= Kate Rooney (singer) =

Australian singer

Kate Rooney (Note: "Kate" could be a contraction of Katharine, Katherine, or even Kathleen. School records have been found for Kate Agnes Rooney and Kate Celia Rooney, either of which could refer to her. Her birth and life after 1930 are yet to be found, also the fate of her two children.) was an Australian contralto who had a promising international career, which she abandoned for a more settled domestic life.

==History==

Kate Rooney c. 1900

Rooney was born sometime in the 1870s in Dubbo to Mary Ann Rooney, née Bellane (c. 1841 – 14 December 1926) and Patrick T. Rooney (c. 1838 – 18 May 1919), Customs official, proprietor of a cordial factory, and a "silver throated" tenor.

Rooney was educated to 1891 at St Vincent's College, Potts Point, Sydney, and three or four years at the associated Garcia School of Music under Mary Ellen Christian, passing her Royal Academy of Music and Royal College of Music examinations with honours in 1898.

She became a local sensation, appearing with Hugo Alpen, her first music teacher, in concerts, notably of his Patriotic Cantata.
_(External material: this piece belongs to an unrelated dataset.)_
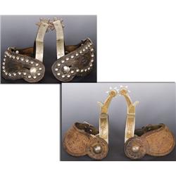 Two Pairs of Gal-Leg Spurs. Pair one is unmarked single mounted iron spurs decorated with silver and copper single mounted. Fine condition. Pair two i
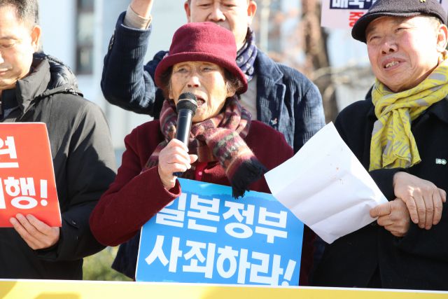 ▲17일 광주 동구 5·18민주광장에서 일제 강제동원 피해자인 양금덕 할머니와 역사를 지키는 광주 시민사회단체 일동이 기자회견을 열고 제3자인 일제강제동원피해자지원재단 재원으로 판결금을 대신 변제받도록 하는 정부 배상안에 대해 반발하고 있다. ⓒ연합뉴스

With some urging by Lady Chandos Poole, she decided to travel to London for further training, but with no expectation of a prolonged stay.

She was to have left for London by the R.M.S. Omrah on 10 April 1901, having given a series of country concerts in the previous months in aid of her living expenses — in several towns demand was so great that a repeat concert was arranged. Last minute changes meant she boarded Omrah at Adelaide on the 18th. Before settling down to studies with Charles Santley, she paid a visit to Manuel García who, despite his age, was still considered an authority on the human voice. After some hardships, when she discovered how much more money was needed than what she had saved, she achieved some success, singing at some important concerts in Cowes and London's Ranelagh Club, for whom she became a regular attraction as solo vocalist during the "London season".
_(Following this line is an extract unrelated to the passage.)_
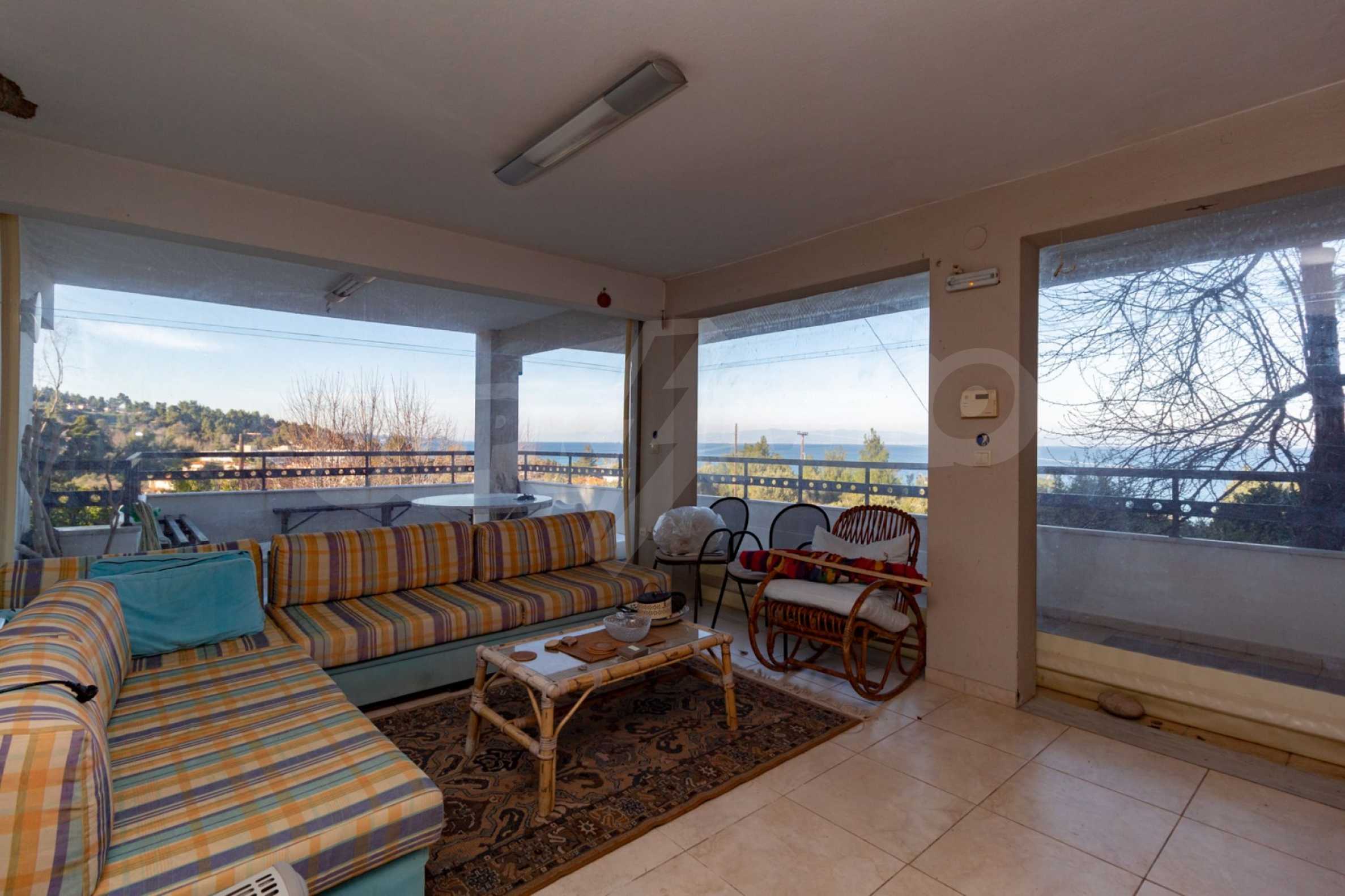 Renoviertes Einfamilienhaus, 145 m², in Kassandra, Chalkidiki mit unverbautem permanentem Meerblick auf die Bucht von Toronaios. Das Anwesen ist von 5.078 m² Grundstück umgeben, wenige Meter von einem zauberhaften Strand entfernt. Das Haus ist in zwei Ebenen aufgeteilt, bestehend aus zwei Wohneinheiten Mit der Küche verbundene Zimmer, vier Schlafzimmer, zwei Badezimmer und ein Abstellraum. Das Anwesen verfügt auch über Grill, Alarmanlage, Sicherheitstür, Solarheizung, automatisches Bewässern, Bohren, Wassertanks, Satellitenantenne, Einbauschränke und Olivenfeld.

In 1907 Rooney married William Kirkham, who had an art gallery and antique furniture business in the vicinity of Fifth Avenue, New York. He was, however, an Englishman, son of Austin Kirkham of Clapham Common.

She returned to Australia in July 1909, and embarked on a tour organised by an influential committee, and was well received.
She was a practising Roman Catholic, and received ample encouragement from the Catholic press in Australia, without touching on her private life. She was, in turn, generous in her assistance to Catholic causes. While she was away, her husband arranged for the purchase of a London home at St Margaret's-on-Thames. There she was able to assist her friend Eleanor "Ella" Caspers, (Note: Ella Caspers, like Rooney, was an Australian contralto with Irish roots. Born in Albury and educated in Goulburn, she was sent to Mme Christian at the Garcia School of Music. Dubbed the "Golden Voice", with a range from low D to A in alt, she was praised by Dame Clara Butt, Rivers Allpress, Gerald Vollmer, Signor Roberto Hazon, John Lemmone, Madame Dolores and other musicians of the day. She won a two-years' scholarship to the Royal Academy of Music in London, extended to four years. She toured several times with Fritz Kreisler as his only support act. In May 1921 she married Alvin. A. Maloney of Taree and retired from the stage. Her sister Agnes was a fine pianist, and brother Bill was an organist.) who had been duped into "marrying" the bigamist Felix Ogilvie, known as Bradley.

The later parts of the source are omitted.